___ Entries supplied ___

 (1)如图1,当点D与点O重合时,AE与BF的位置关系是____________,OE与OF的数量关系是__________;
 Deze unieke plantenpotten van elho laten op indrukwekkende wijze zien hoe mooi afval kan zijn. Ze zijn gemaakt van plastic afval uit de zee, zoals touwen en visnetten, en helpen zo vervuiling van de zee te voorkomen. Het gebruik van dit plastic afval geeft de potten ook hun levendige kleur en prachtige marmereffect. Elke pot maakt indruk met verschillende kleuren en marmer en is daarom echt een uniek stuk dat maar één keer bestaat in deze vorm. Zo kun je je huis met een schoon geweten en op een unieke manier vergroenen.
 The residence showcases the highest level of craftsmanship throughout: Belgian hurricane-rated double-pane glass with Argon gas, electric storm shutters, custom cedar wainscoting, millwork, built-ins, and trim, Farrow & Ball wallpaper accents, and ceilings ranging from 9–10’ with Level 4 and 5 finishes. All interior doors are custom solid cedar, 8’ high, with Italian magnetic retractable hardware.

___
___ Entries supplied ___

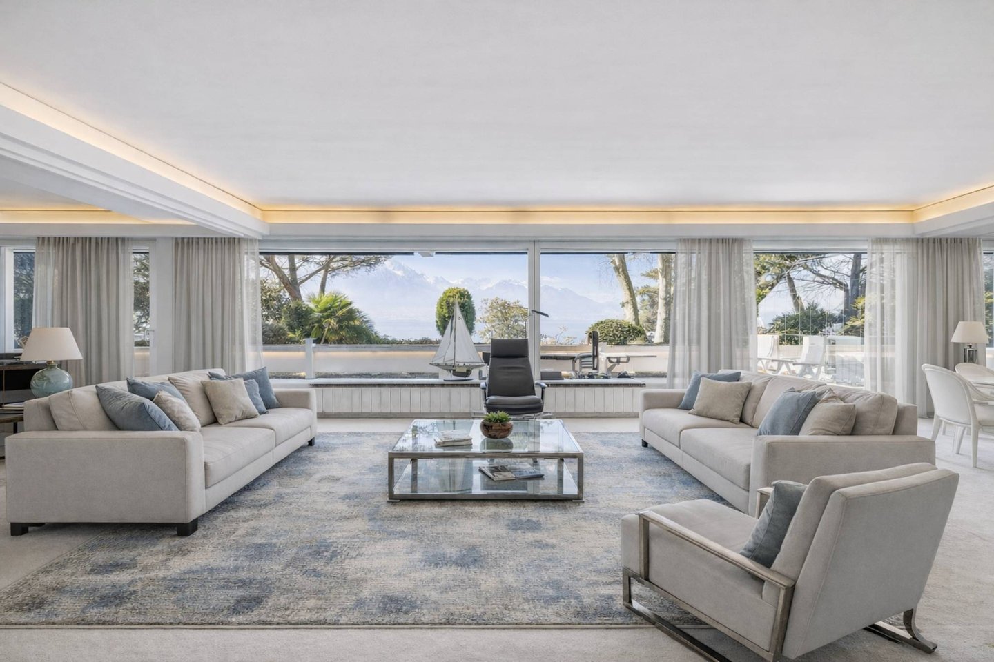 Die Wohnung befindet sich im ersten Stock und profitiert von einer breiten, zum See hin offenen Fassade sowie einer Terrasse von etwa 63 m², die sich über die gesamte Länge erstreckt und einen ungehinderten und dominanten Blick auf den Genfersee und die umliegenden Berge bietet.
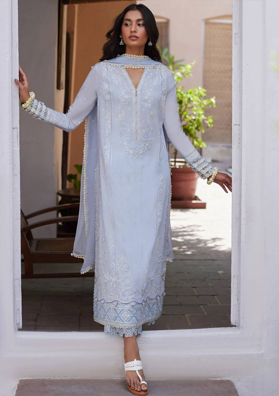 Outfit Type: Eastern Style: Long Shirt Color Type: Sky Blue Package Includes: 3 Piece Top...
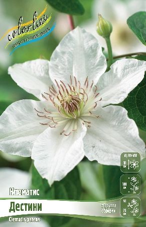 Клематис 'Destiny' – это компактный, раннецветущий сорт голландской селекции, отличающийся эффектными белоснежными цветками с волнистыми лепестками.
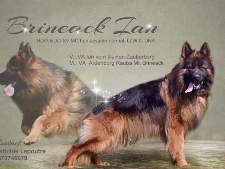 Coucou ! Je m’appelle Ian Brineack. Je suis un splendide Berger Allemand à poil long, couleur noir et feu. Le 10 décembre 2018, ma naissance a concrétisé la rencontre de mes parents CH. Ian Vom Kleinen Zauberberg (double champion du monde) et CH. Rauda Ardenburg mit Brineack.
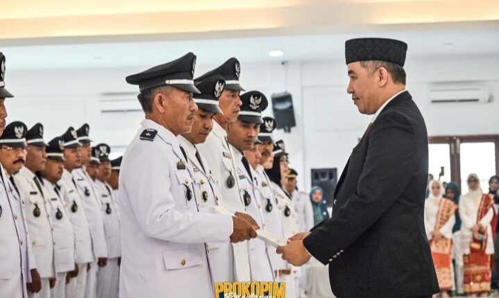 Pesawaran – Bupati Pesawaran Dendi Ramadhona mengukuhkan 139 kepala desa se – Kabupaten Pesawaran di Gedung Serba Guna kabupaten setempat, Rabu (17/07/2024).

___

Task statement:
Nothing but the lines from the one with "Coucou ! Je" to the one with "Pesawaran – Bupati" above, both included, should be transcribed, exactly and without pictures.

Worked solution:
 Coucou ! Je m’appelle Ian Brineack. Je suis un splendide Berger Allemand à poil long, couleur noir et feu. Le 10 décembre 2018, ma naissance a concrétisé la rencontre de mes parents CH. Ian Vom Kleinen Zauberberg (double champion du monde) et CH. Rauda Ardenburg mit Brineack.
 Pesawaran – Bupati Pesawaran Dendi Ramadhona mengukuhkan 139 kepala desa se – Kabupaten Pesawaran di Gedung Serba Guna kabupaten setempat, Rabu (17/07/2024).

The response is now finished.